- Theatrical poster
- Directed by: Wayne Beach
- Written by: Wayne Beach Anthony Walton
- Produced by: Stephen Break
- Starring: Ray Liotta; LL Cool J; Mekhi Phifer; Bruce McGill; Chiwetel Ejiofor; Guy Torry; Taye Diggs; Jolene Blalock;
- Cinematography: Wally Pfister
- Edited by: Kristina Boden
- Music by: Jeff Rona
- Distributed by: DEJ Productions GreeneStreet Films International Lionsgate
- Release dates: September 13, 2005 (TIFF); April 13, 2007;
- Running time: 93 minutes
- Country: United States
- Language: English
- Budget: $15.5 million
- Box office: $1.8 million

= Slow Burn (2005 film) =

2005 film

Slow Burn is a 2005 American drama thriller film directed by Wayne Beach and starring Ray Liotta, Jolene Blalock and LL Cool J. It is notable for the extended period between production and eventual release. A crime drama, the film was produced in 2003, was finally given a showing at the 2005 Toronto International Film Festival, and finally got a proper theatrical release in 2007.

==Plot==
Nora Timmer, a biracial (African and European descent) woman, is being questioned by Ford Cole, the District Attorney. Nora, who is the Assistant District Attorney, claims she was being raped by Isaac Duparde when she shot him in the head. Journalist Ty Trippin interviews Ford; Ford surprises Ty by anticipating his first two questions.

Nora explains to Ford that she had first met Isaac a week earlier at a music store, where he came on to her, asking to give her a ride on the rainy night. Nora politely rebuffed his advances, but was forced to accept his offer when she found herself stranded in the rain with no cab to respond to her calls. Issac locked the door to his car when Nora tried to exit upon reaching her home, only to give her a music cassette as a compliment. Nora tells Ford that Issac waited for her in her house one night, grabbed her from behind, and raped her.

Luther Pinks, claiming to be an associate of Isaac, shows up to meet Ford and relates his version of the story, stating that Isaac's death was not self-defence, but murder. He states that Nora had seduced Isaac into falling in love and ultimately becoming obsessed with her. He tells Ford about an 'African violet' tattoo on Nora's backside to support his claims. Ford tends to believe him, as he himself had seen it when he and Nora had sex.

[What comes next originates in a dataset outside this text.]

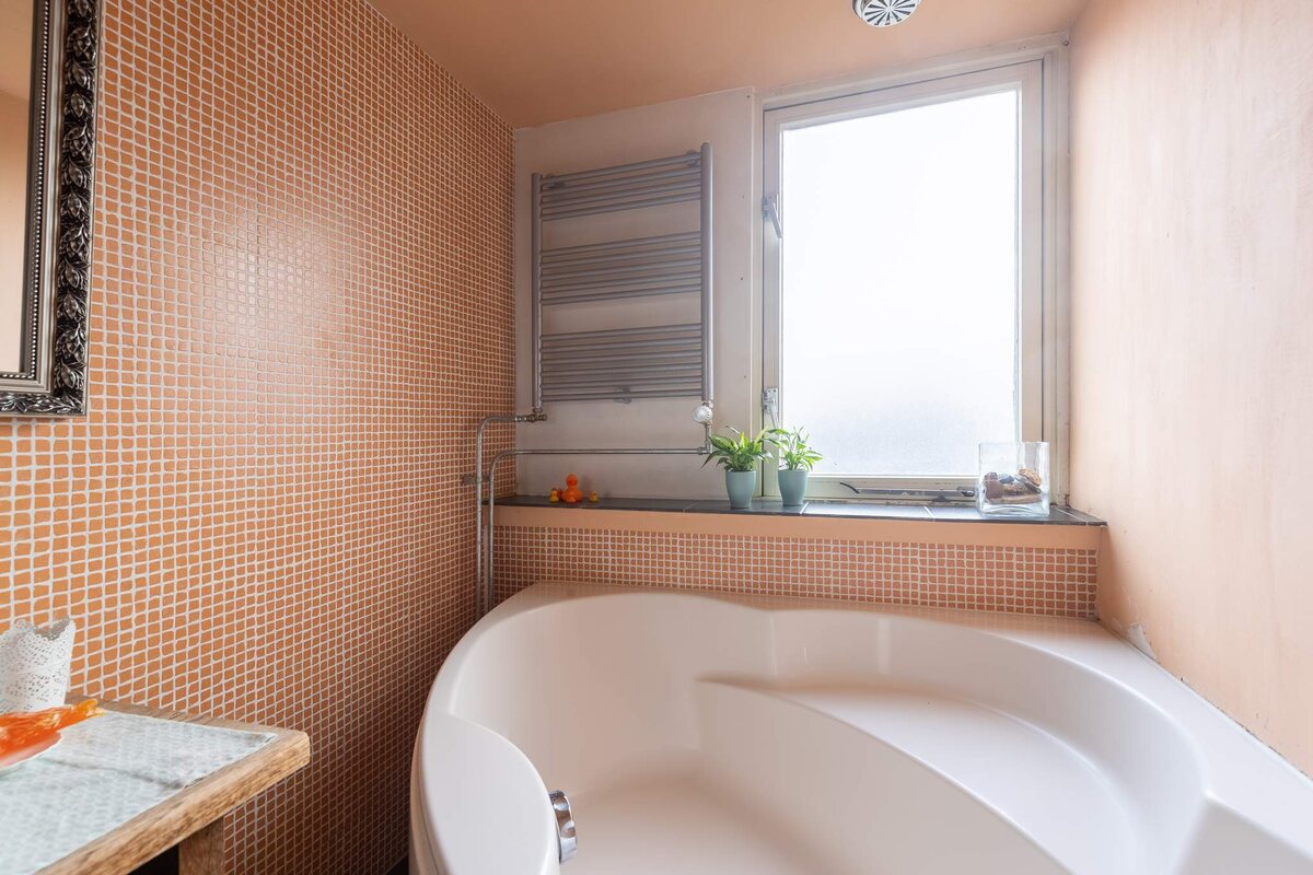 Begane grond: hal met toilet, trapkast en trapopgang. Sfeervolle woonkamer (ca. 30 m2) met open keuken v.v. inbouwapparatuur en aansluitend de bijkeuken met aansluiting voor de wasmachine. Eerste verdieping: overloop en tweede toilet, multifunctionele ruimte/woonkamertje (12 m2, eventueel te vergroten) en 2 slaapkamers waarvan de kleine tevens de cv-opstelling heeft en een balkon.Tweede verdieping: overloop, 1 slaapkamer (14 m2, zeer eenvoudig te splitsen) en een leuke badkamer (6 m2) met groot hoekbad, douche en wastafel.Tevens zolderruimte.

Isaac's home is set ablaze and Ford receives an odd voicemail from the deceased suggesting a conspiracy involving Nora. Later, Luther tells Ford of a deal Nora supposedly offered Isaac for his cousin who was recently booked on drug charges; if his aunt were to agree to sell her home to an interested party, his cousin would walk. Luther also reveals Nora's dirty little secret—that she isn't biracial but is using being a minority to benefit her career and to satisfy some strange obsession with being black.

==Cast==
- Ray Liotta as Ford Cole
- Jolene Blalock as Nora Timmer
- LL Cool J as Luther Pinks
- Mekhi Phifer as Isaac Duperde
- Taye Diggs as Jeffrey Sykes
- Bruce McGill as Godfrey
- Chiwetel Ejiofor as Ty Trippin / Danny
- Guy Torry as Chet Price

== Release ==
It was released in American theaters on April 13, 2007, but performed poorly. It had an opening weekend of $778,123 in ticket sales and closed in just 2 weeks with a domestic total of $1,237,615 and $559,641 from foreign markets for a worldwide total of $1,797,256. It ranks among the top ten widely released films for having the biggest second weekend drop at the box office, dropping 84.7% from $676,048 to $91,748.

The DVD was released in North America on July 24, 2007, and sold 44,720 units in the opening weekend, translating to revenue of $893,953. This does not include Blu-ray/DVD sales rentals and sales tracking does not extend beyond the first week.

The film has themes of inter-racial dating, "passing" or pretending to be a member of another race, stereotypes included, and using a rape defense to the accusation of murder.

==Reception==
 Metacritic, which uses a weighted average, assigned the a score of 34 out of 100, based on 14 critics, indicating "generally unfavorable" reviews.

==Novel==
The screenplay is based on a short story by Wayne Beach and Anthony Walton. Wayne Beach converted the story to screenplay and directed the film.